**What this task involves**
Starting with the line that holds "Select the Type" and stopping after the line that holds "まずは、クレーンに荷物を取り", repeat the lines below word for word, without the pictures.

**Information provided**
==========

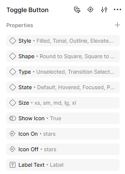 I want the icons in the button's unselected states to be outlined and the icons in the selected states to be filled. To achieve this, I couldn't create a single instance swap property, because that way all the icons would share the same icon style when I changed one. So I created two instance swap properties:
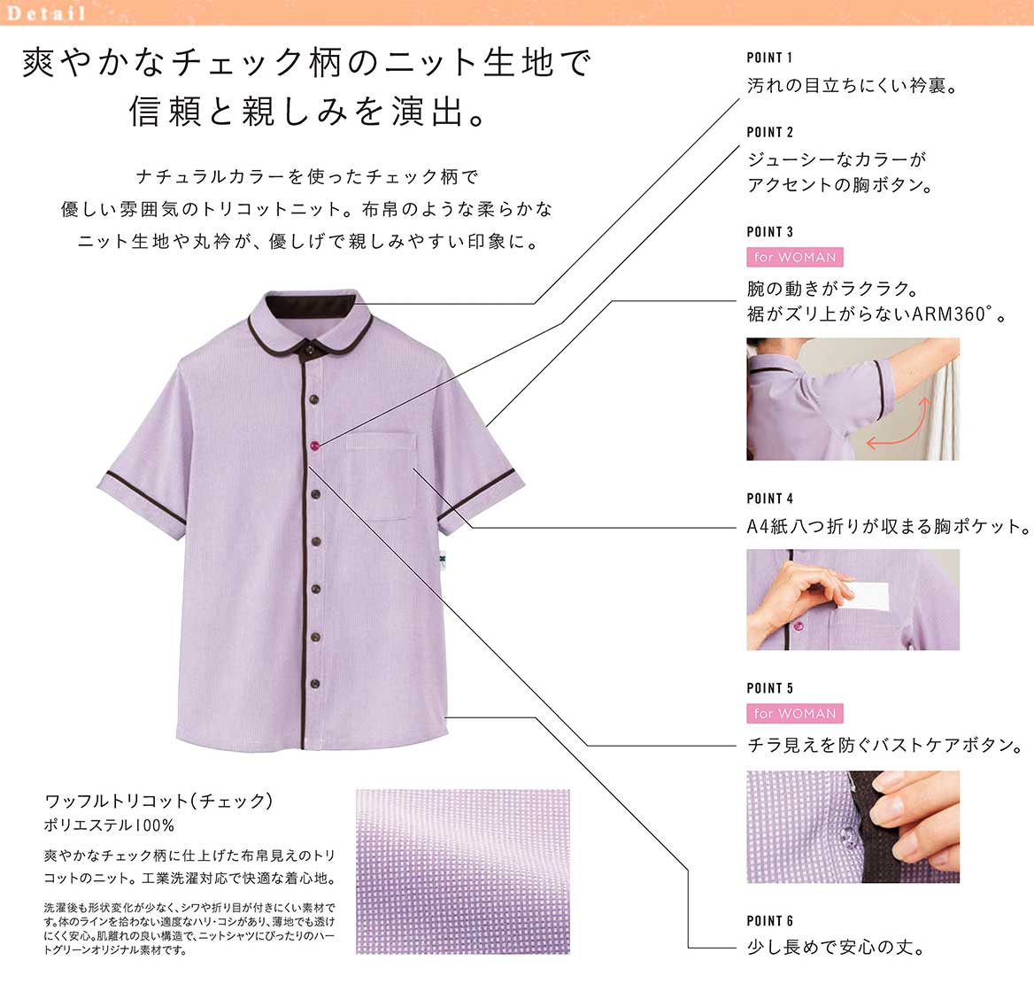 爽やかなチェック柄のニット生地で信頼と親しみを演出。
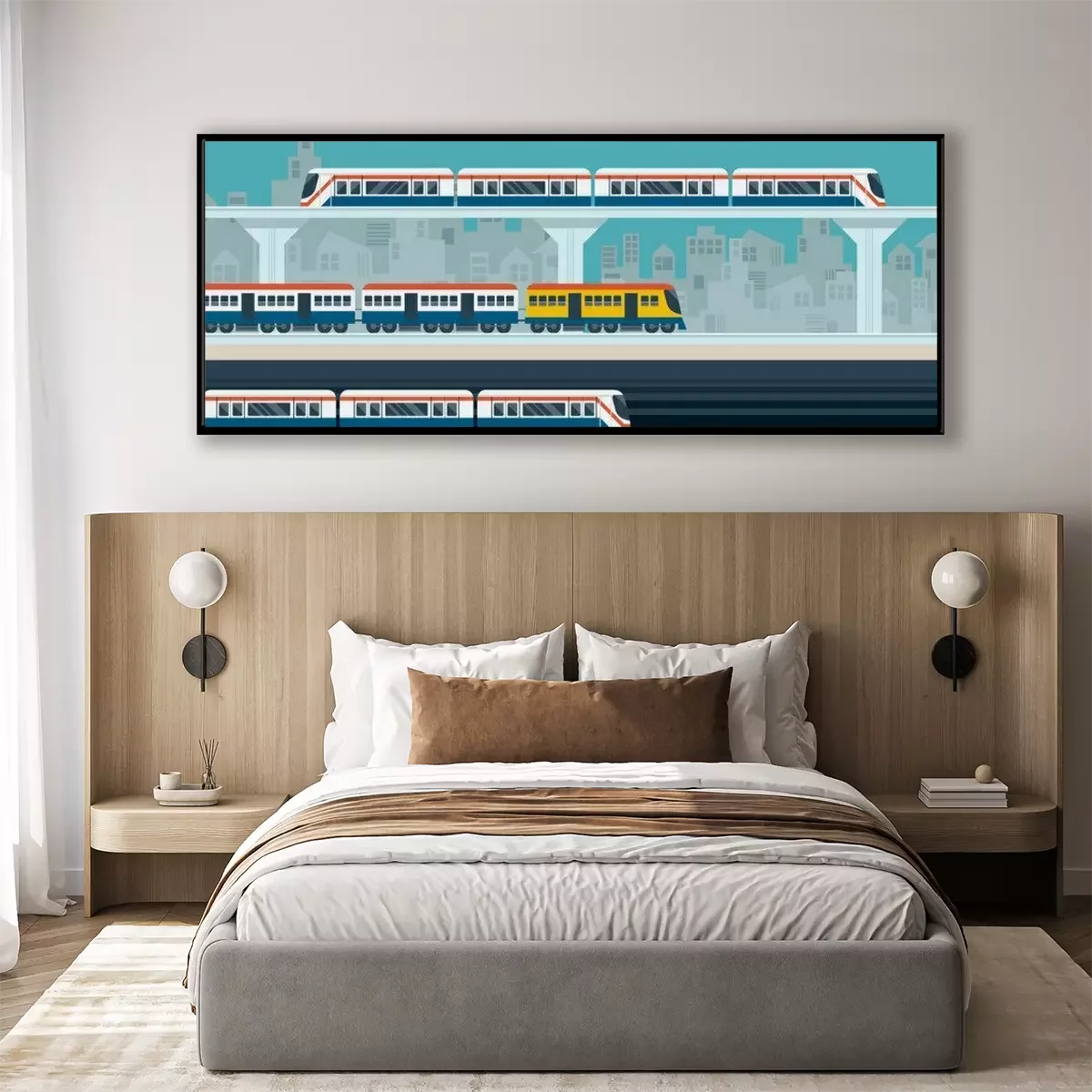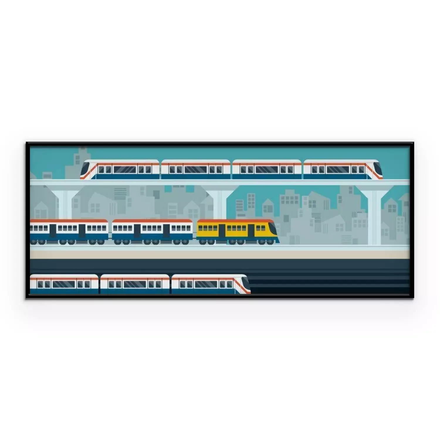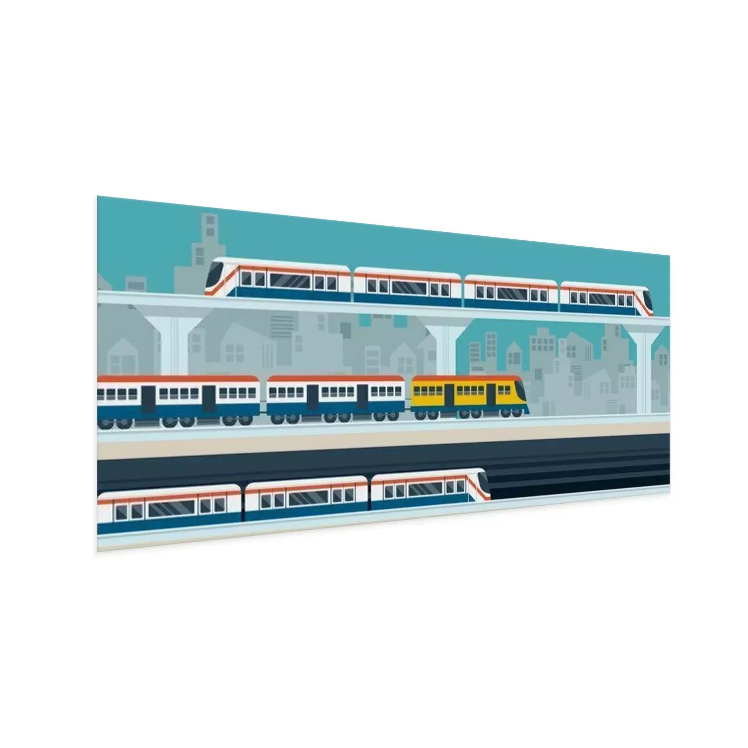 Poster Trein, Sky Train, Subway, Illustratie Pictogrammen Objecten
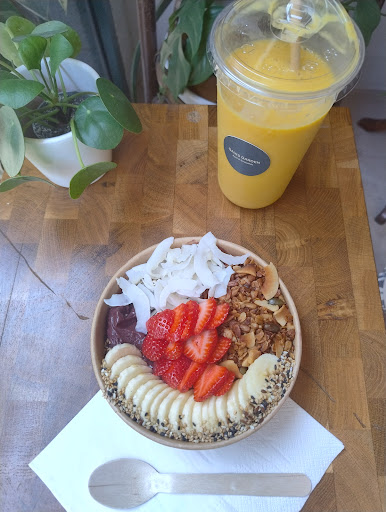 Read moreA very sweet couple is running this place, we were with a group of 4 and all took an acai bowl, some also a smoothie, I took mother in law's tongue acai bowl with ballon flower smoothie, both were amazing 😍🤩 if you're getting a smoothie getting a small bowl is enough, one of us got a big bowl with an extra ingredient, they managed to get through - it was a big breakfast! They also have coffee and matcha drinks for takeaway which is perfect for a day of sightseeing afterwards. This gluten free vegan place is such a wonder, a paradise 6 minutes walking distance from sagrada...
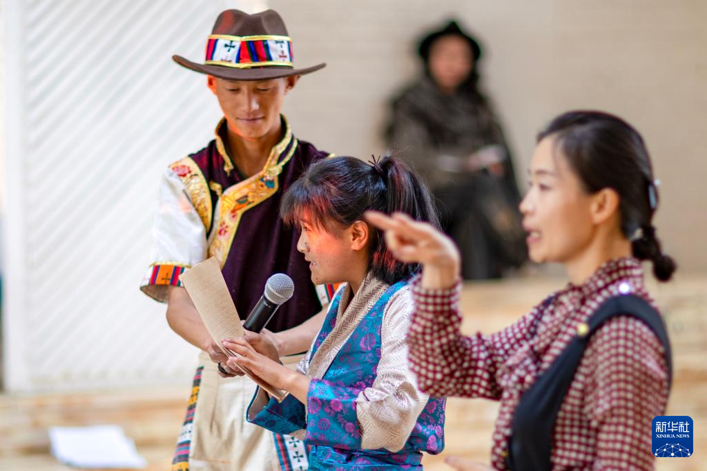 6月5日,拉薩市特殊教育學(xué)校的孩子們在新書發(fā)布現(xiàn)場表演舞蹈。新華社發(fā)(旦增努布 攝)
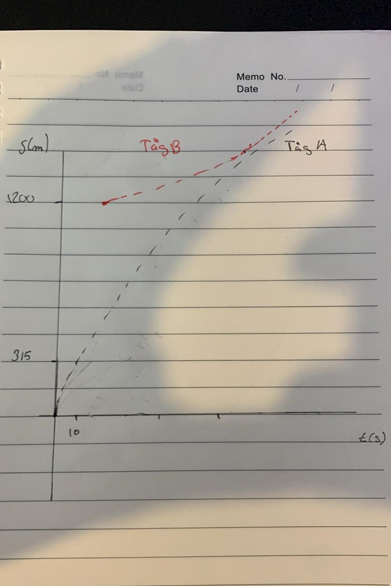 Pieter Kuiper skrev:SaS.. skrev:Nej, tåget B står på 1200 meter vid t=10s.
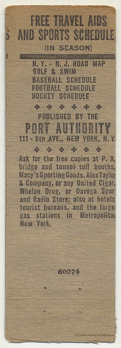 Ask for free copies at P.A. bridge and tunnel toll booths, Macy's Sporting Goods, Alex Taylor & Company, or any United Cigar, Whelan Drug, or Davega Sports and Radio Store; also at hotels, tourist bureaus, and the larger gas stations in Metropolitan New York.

==========

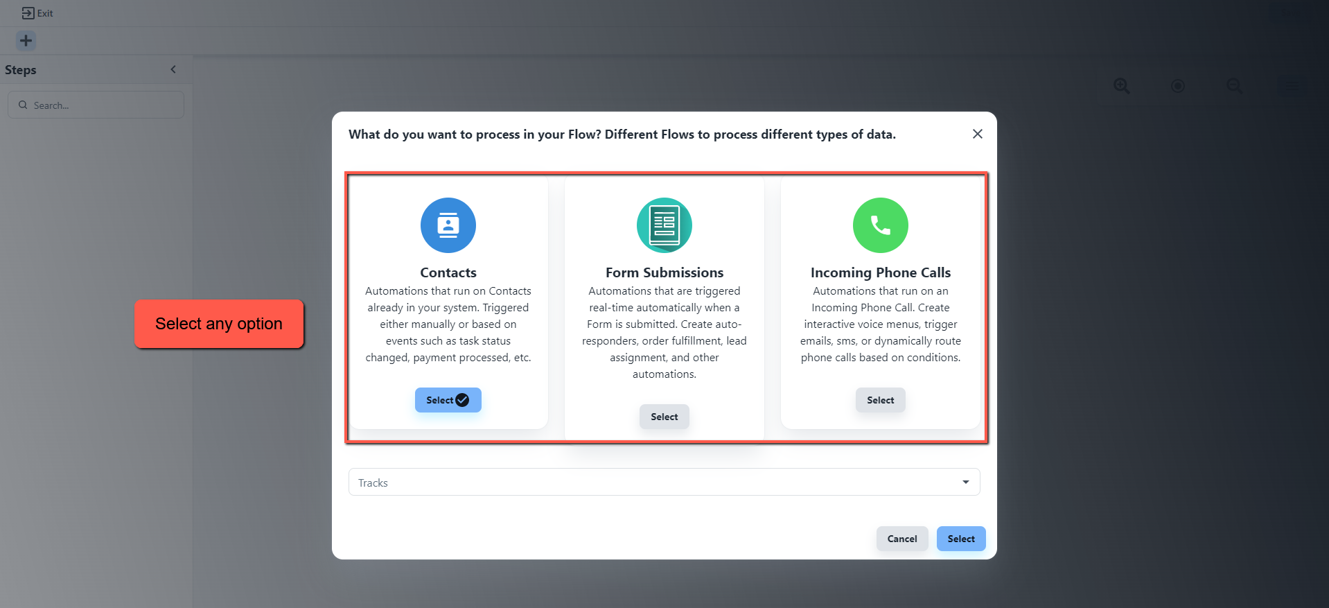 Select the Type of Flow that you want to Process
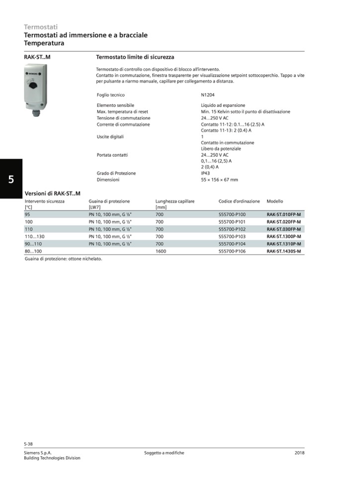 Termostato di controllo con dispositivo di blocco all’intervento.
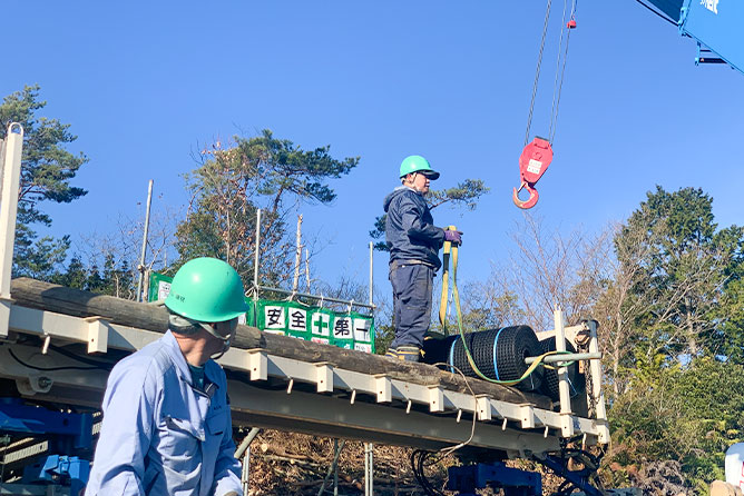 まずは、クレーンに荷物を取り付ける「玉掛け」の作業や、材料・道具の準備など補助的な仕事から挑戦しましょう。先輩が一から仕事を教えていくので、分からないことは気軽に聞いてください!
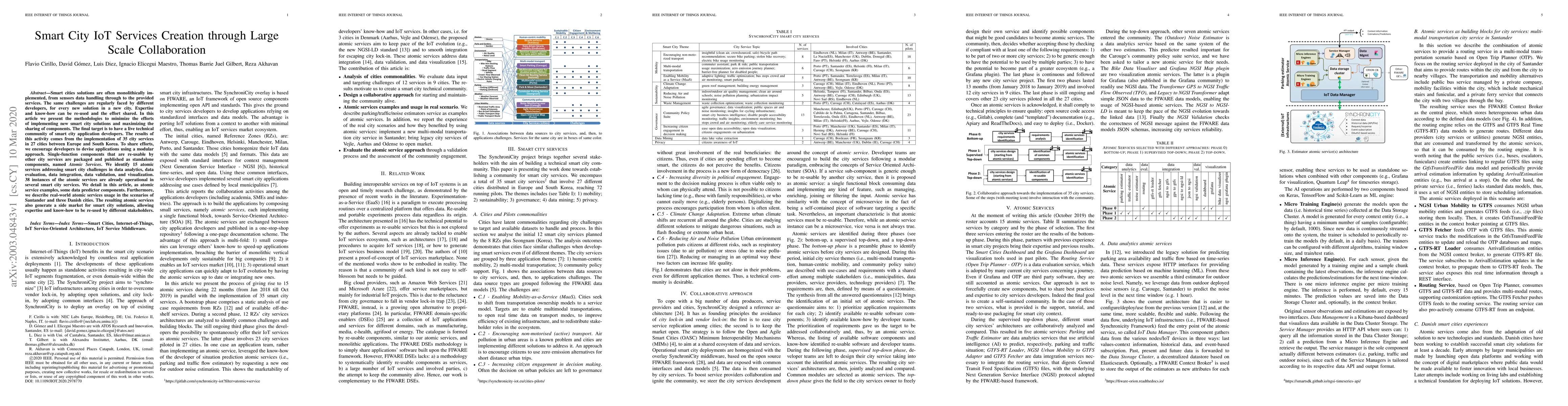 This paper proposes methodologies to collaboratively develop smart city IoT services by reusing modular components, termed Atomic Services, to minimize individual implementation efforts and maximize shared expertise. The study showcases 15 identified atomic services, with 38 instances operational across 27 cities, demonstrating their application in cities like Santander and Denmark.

==========

**Exercise result**
 Select the Type of Flow that you want to Process
 Termostato di controllo con dispositivo di blocco all’intervento.
 まずは、クレーンに荷物を取り付ける「玉掛け」の作業や、材料・道具の準備など補助的な仕事から挑戦しましょう。先輩が一から仕事を教えていくので、分からないことは気軽に聞いてください!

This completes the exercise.